Cao Guangxiang, Zhang Peipei, Gu Yuanxin, Pang Xiuhua
The State Key Laboratory of Microbial Technology, School of Life Science, Shandong University, Jinan, 250100, China.
Shandong Medicinal Biotechnology Center, Shandong Academy of Medical Sciences, Jinan, 250062, China.
Curr Microbiol. 2017 Aug;74(8):979-986. doi: 10.1007/s00284-017-1278-y. Epub 2017 Jun 6.
The genetics of the Streptomyces hygroscopicus strain 10-22 is of interest due to the ability of this strain to produce antifungal compounds. Strain T110 was obtained through insertional mutagenesis of strain 10-22 and was found to have undergone DNA amplification, as determined by both conventional and pulsed-field gel electrophoresis (PFGE). pIJ702, the vector used for insertional mutagenesis, was shown to have integrated into and co-amplified with the chromosomal DNA sequence of T110, as pIJ702 hybridized predominantly with two of the three amplified BamHI fragments. The amplified DNA sequence in T110 is 10.8 kb in length and consists of 5.18 kb of Streptomyces chromosomal DNA and the entire 5.62 kb pIJ702 sequence. Sequence analysis of the 5.18 kb chromosomal sequence revealed two open reading frames, one encoding a putative IS5 family transposase and the other encoding a putative dihydroxy-acid dehydratase. Real-time PCR analysis showed that expression of the putative dehydratase gene in T110 is about 50 times greater than in the wild-type strain, consistent with the high level of amplification of this DNA region, and therefore this system has the potential for producing economically or clinically important molecules.

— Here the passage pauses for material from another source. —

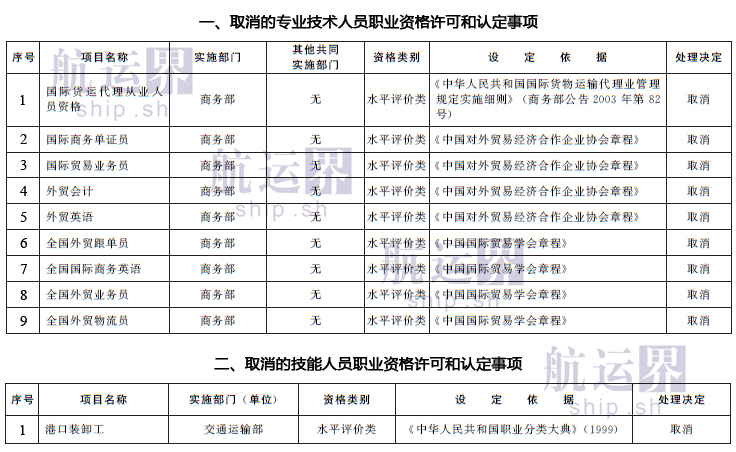 航运界网消息,7月24日国务院发布《关于取消一批职业资格许可和认定事项的决定》 航运界网从其网站整理了有关于航运业中取消的相关职业资格许可证。

吸水链霉菌10-22菌株的遗传学因其产生抗真菌化合物的能力而备受关注。菌株T110是通过对菌株10-22进行插入诱变获得的,通过传统和脉冲场凝胶电泳(PFGE)测定发现其发生了DNA扩增。用于插入诱变的载体pIJ702已整合到T110的染色体DNA序列中并与之共扩增,因为pIJ702主要与三个扩增的BamHI片段中的两个杂交。T110中扩增的DNA序列长度为10.8 kb,由5.18 kb的链霉菌染色体DNA和完整的5.62 kb pIJ702序列组成。对5.18 kb染色体序列的分析揭示了两个开放阅读框,一个编码假定的IS5家族转座酶,另一个编码假定的二羟基酸脱水酶。实时PCR分析表明,假定的脱水酶基因在T110中的表达比野生型菌株高约50倍,这与该DNA区域的高水平扩增一致,因此该系统具有生产经济或临床重要分子的潜力。